# For Loops

Introduction

Within coding and programming for `R`, `For Loops` (or hereafter referred to as `Loops`) allows the repeated execution of specificed commands. This is useful if you are handling a large amount of data and wish to execute the same function, adaptation or change across all/some of your data, without having to code the process line by line, which can save you significant amounts of time in the long run!

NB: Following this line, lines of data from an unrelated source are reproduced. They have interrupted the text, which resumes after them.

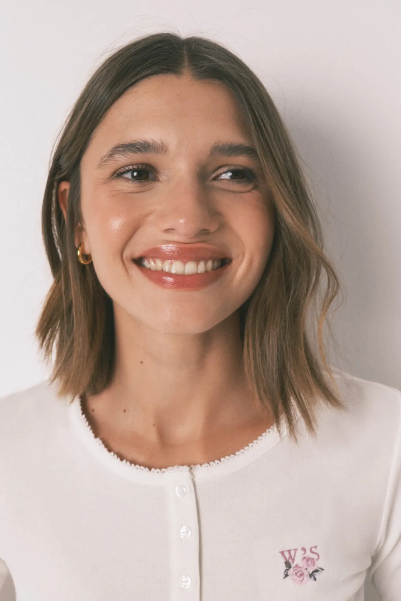 – Top liso com decote redondo e acabamento em renda decorativa, carcela com carcela central e botões a condizer e pequeno bordado floral no peito.
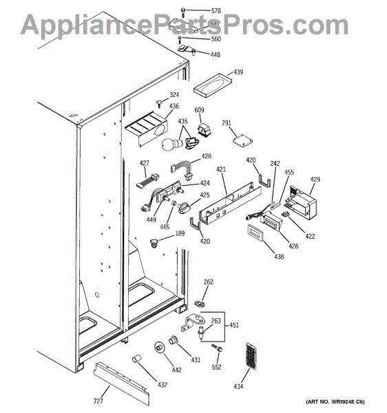 The Light Switch is an OEM replacement part for GE refrigerators. It controls the interior light, turning it on when the refrigerator door is opened and off when the door is closed. This ensures proper illumination for visibility when accessing the refrigerator's contents.
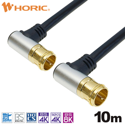 10m アンテナケーブル アルミヘッド 両側L字差込式コネクタ ブラック AC100-686BK
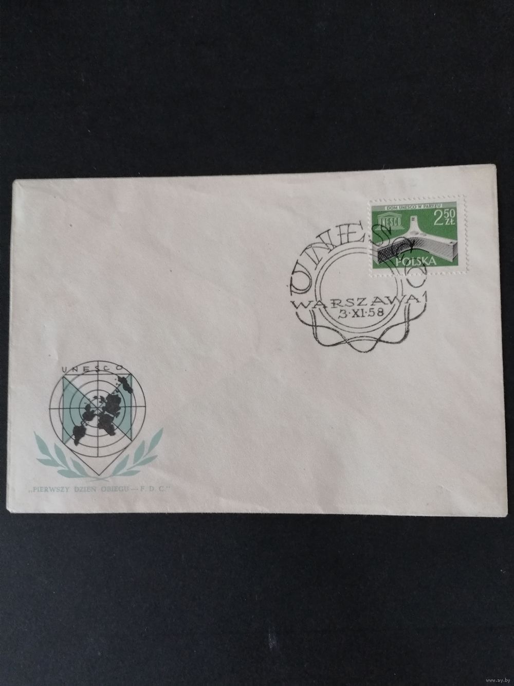 Польша 1958 КПД с маркой "Открытие нового филиала UNESCO в Париже" (спецгашение) Mi.1075 каталог 1.20 евро
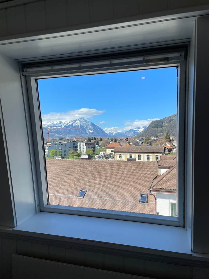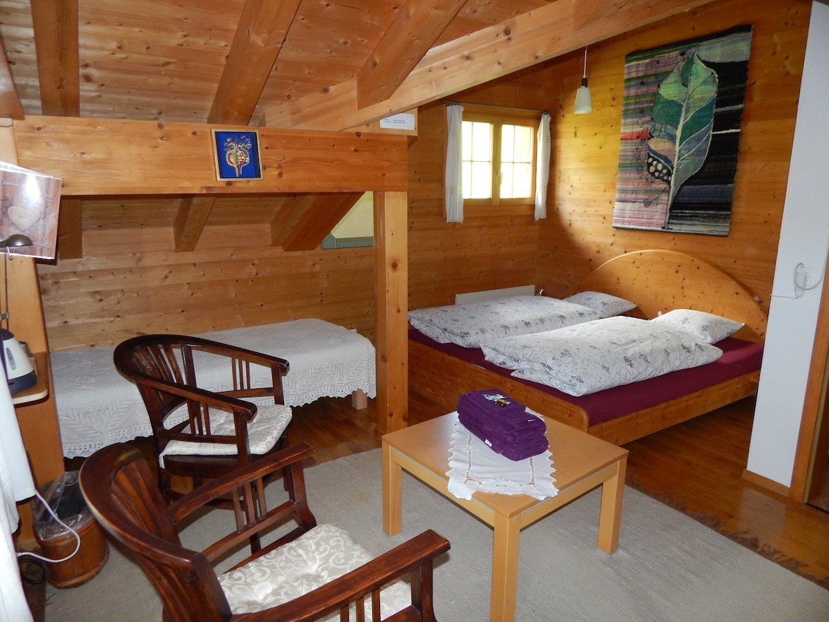 Dreierzimmer in einem alten Chalet in Gimmelwald. Das Haus ist von Gärten und landwirtschaftlichen Gebäuden umgeben. Das Haus liegt ruhig und hat eine unglaubliche Sicht auf die Berge. Die Seibahnstation ist 3 Minuten vom Haus entfernt.

Due to the noted complexity of `Loops`, it was believed producing this additional tab & tutorial, would aid your learning beyond the lectures and practicals in handling, using and engaging positively with `Loops`. For more information on `Loops` please see: Chapter 6 in A Beginner’s Guide to R, this Springer Textbook is a free downloadable resource which covers a huge variety of foundation topics and will be providing the foundation for this tutorial.

Conceptual Example

Lets start with a basic conceptual example (from R Bloggers), say for example you would like to print the phrase “The Year is 20XX” with XX being replaced by the years between 2010 and 2020. This could easily be achieved through writing ten individuals lines of code:

``print(paste("The year is", 2010))``
``##  "The year is 2010"``
``print(paste("The year is", 2011))``
``##  "The year is 2011"``
``print(paste("The year is", 2012))``
``##  "The year is 2012"``
``print(paste("The year is", 2013))``
``##  "The year is 2013"``
``print(paste("The year is", 2014))``
``##  "The year is 2014"``
``print(paste("The year is", 2015))``
``##  "The year is 2015"``
``print(paste("The year is", 2016))``
``##  "The year is 2016"``
``print(paste("The year is", 2017))``
``##  "The year is 2017"``
``print(paste("The year is", 2018))``
``##  "The year is 2018"``
``print(paste("The year is", 2019))``
``##  "The year is 2019"``
``print(paste("The year is", 2020))``
``##  "The year is 2020"``

Or could be written using the `for()` function, repeatedly executing the same command again and again.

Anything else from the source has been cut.